GSoC 2020 Raahul Singh
Just reading the title of the project was enough for me. A desire to work on problems like this is what got me into computer science and machine learning in the first place. To be able to work on problems in various fields of science and understand them in a way which wasn't even possible a few decades ago. There's tremendous potential for applying data-driven solutions to solar physics and I wish to do my part in it. I am two months short of having a full year's worth of professional experience in machine learning and am well acquainted with SunPy. This gives me confidence that I would be able to finish this project successfully and on time.
-
The first challenge with creating a Search Events Object would be matching the Active Regions in the Sunspotter data set with the Active Regions in various Solar Data catalogues, like HEK and Helio. We only need to worry about matching Sunspotter ARs to any catalogue that has NOAA AR numbers. Once we have the NOAA AR numbers for the ARs, we can access various other catalogues easily.
-
Matching catalogues (joining tables) when the fields are not exactly with the same value (i.e., allowing to specify what counts as a match) would be the next task. For example, for any given observation date, the HEK data for the ARs usually does not match exactly with the Sunspotter data. This is made evident by the lack of proper overlap in the various full disk plots that I have made in this notebook.
-
This matching of various ARs across Sunspotter data and the HEK will be done by first identifying common fields and then to match the rows, the algorithm described in the Tool for OPerations on Catalogues And Tables (TOPCAT) which is explained in the TOPCAT match algorithm reference will be used.
-
Next, we extend the
hek2vso
client and work towards better integrating it with FIDO. The idea is to create a single interface for getting the metadata and the various types of files associated with an observation.
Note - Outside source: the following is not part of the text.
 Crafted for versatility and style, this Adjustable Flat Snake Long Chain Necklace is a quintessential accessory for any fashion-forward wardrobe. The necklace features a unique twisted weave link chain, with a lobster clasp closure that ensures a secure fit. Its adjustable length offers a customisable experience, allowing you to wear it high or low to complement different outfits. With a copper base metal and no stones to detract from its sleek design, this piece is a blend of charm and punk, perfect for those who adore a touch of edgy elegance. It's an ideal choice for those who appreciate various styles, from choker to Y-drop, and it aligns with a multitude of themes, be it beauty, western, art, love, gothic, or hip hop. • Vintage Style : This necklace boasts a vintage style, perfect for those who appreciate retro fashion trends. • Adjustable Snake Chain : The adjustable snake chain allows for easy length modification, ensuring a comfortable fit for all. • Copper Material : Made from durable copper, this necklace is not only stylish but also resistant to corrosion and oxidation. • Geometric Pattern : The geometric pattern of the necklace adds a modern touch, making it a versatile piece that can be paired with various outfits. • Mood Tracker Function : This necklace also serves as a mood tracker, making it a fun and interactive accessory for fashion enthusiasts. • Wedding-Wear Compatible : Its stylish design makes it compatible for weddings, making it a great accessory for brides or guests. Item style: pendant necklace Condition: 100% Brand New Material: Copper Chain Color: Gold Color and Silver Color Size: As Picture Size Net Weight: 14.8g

The long term idea is to get a unified interface where we can get data and meta-information about any event from a given observation date. One of the outcomes would be, the user being able to get event-specific information from HEK or other sources and use them in conjunction with the downloaded HMI and AIA data as is being done in the SunPy Gallery example on using AIA and HMI data together.
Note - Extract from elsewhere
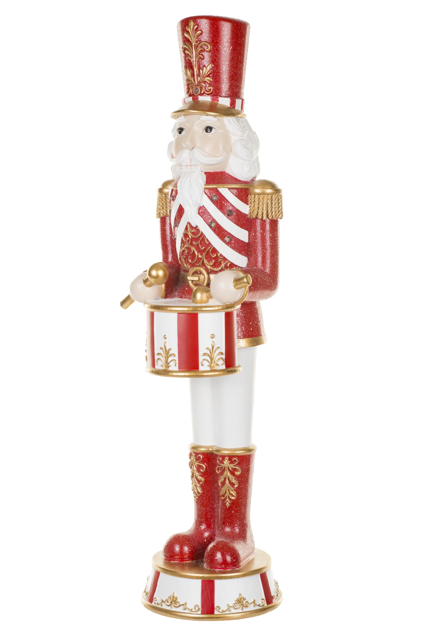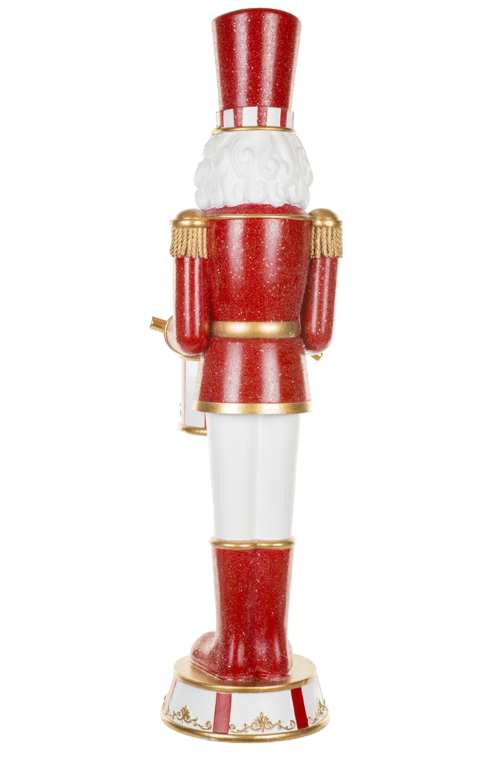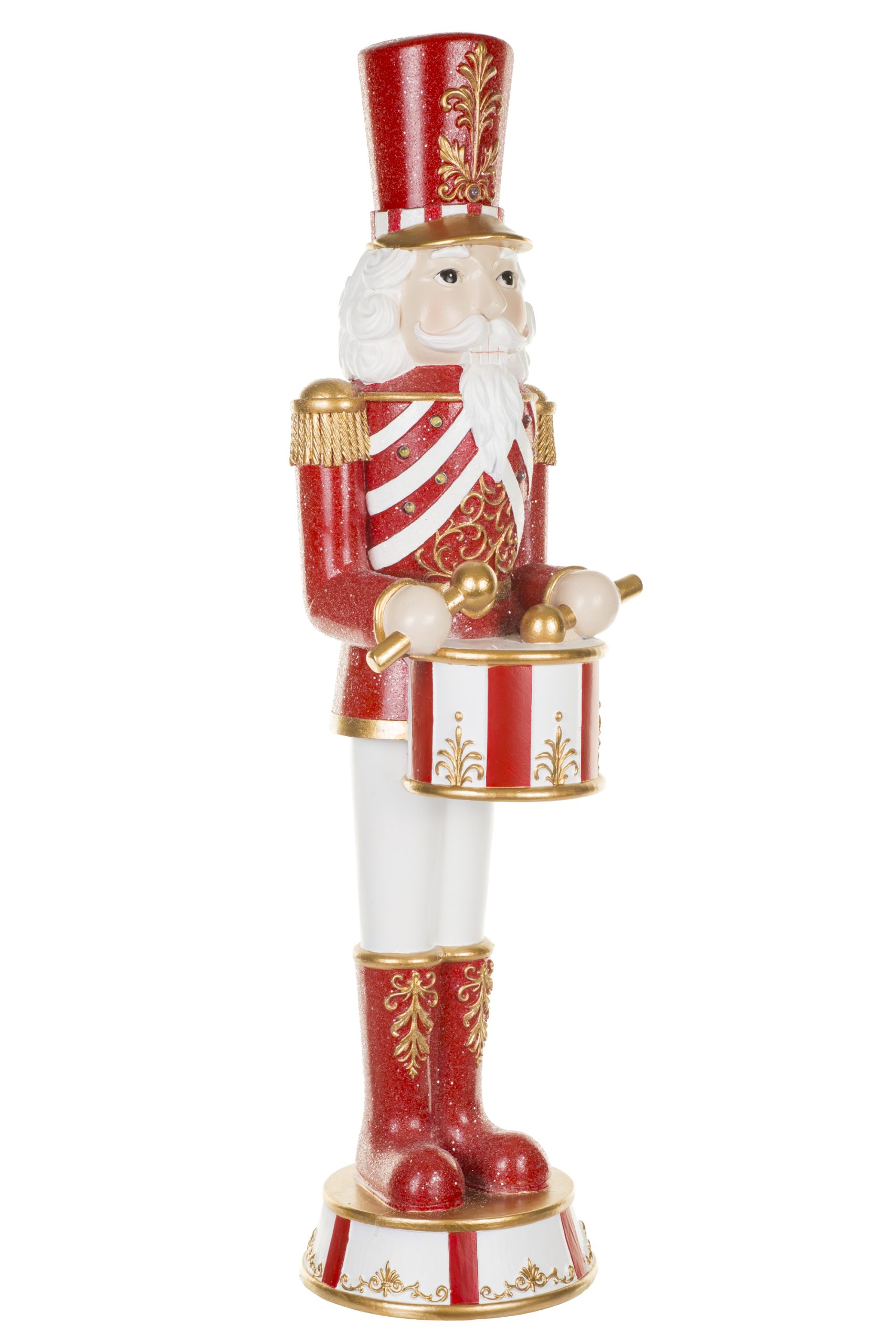 • Description: 24" Red and Gold Polyresin Nutcracker Warm White LED Figurine with Drums

Another aspect of this Search Events Object would be a dictionary that would map names between different catalogues so that the same features.attribute
can be used on different catalogue searches (e.g., a flare is translated as FL in HEK and as the different flare tables on HELIO).
The object would be made subscript-able to facilitate easy access.
For the forecasting, the biggest challenge would be the data preprocessing and making it ready to be fed into the learning pipeline. For any machine learning project, the preprocessing plays a major role in the ability of the learning algorithm to learn from the data set. In the Sunspotter data set, there is a significant bias. The following is a list of the percentage of positive samples per class (not mutually exclusive):
Forecasting Parameter | Percentage of Positive samples |
---|---|
No-flare | 24.00% |
C1flr12hr | 11.37% |
C1flr24hr | 14.40% |
C5flr12hr | 8.12% |
C5flr24hr | 8.97% |
M1flr12hr | 7.22% |
M1flr24hr | 7.55% |
M5flr12hr | 7.56% |
M5flr24hr | 7.66% |
- For dealing with this problem, I propose using a method similar to the one described in the paper
Predicting Solar Flares Using a Novel Deep Convolutional Neural Network
Xuebao Li, Yanfang Zheng, et al 2020. - For the sake of conciseness, the main ideas are:
- It is pretty obvious that the number of M-level magnetogram samples is far less than that of No-flare/C-level magnetogram samples, which is consistent with the fact most ARs do not yield major flares in the period of any given 24 hr. This would result in a serious class-imbalance issue, which is a major problem in the field of machine learning.
- To deal with this, first ARs are categorized into three levels (i.e., No-flare, C, M). “Level = M” indicates that an AR yields at least one M-level flare; “Level = C” indicates that an AR yields at least one C-level flare but no M-level flares “Level = No-flare” indicates that an AR only yields microflares (weaker than C1.0 flares).
- We shall construct about 10 separate Cross-Validation data sets by the method of shuffle and split Cross-Validation based on AR segregation (AR segregation is, to balance out the classes, I will make sure that the ten Cross-validation splits that I make will have an almost equal number of C, M and No flare producing ARs.). First, we randomly shuffle the AR numbers in different levels of No-flare/C/M and then split the AR numbers at a ratio of around 80%:20% which would correspond to training and testing data respectively.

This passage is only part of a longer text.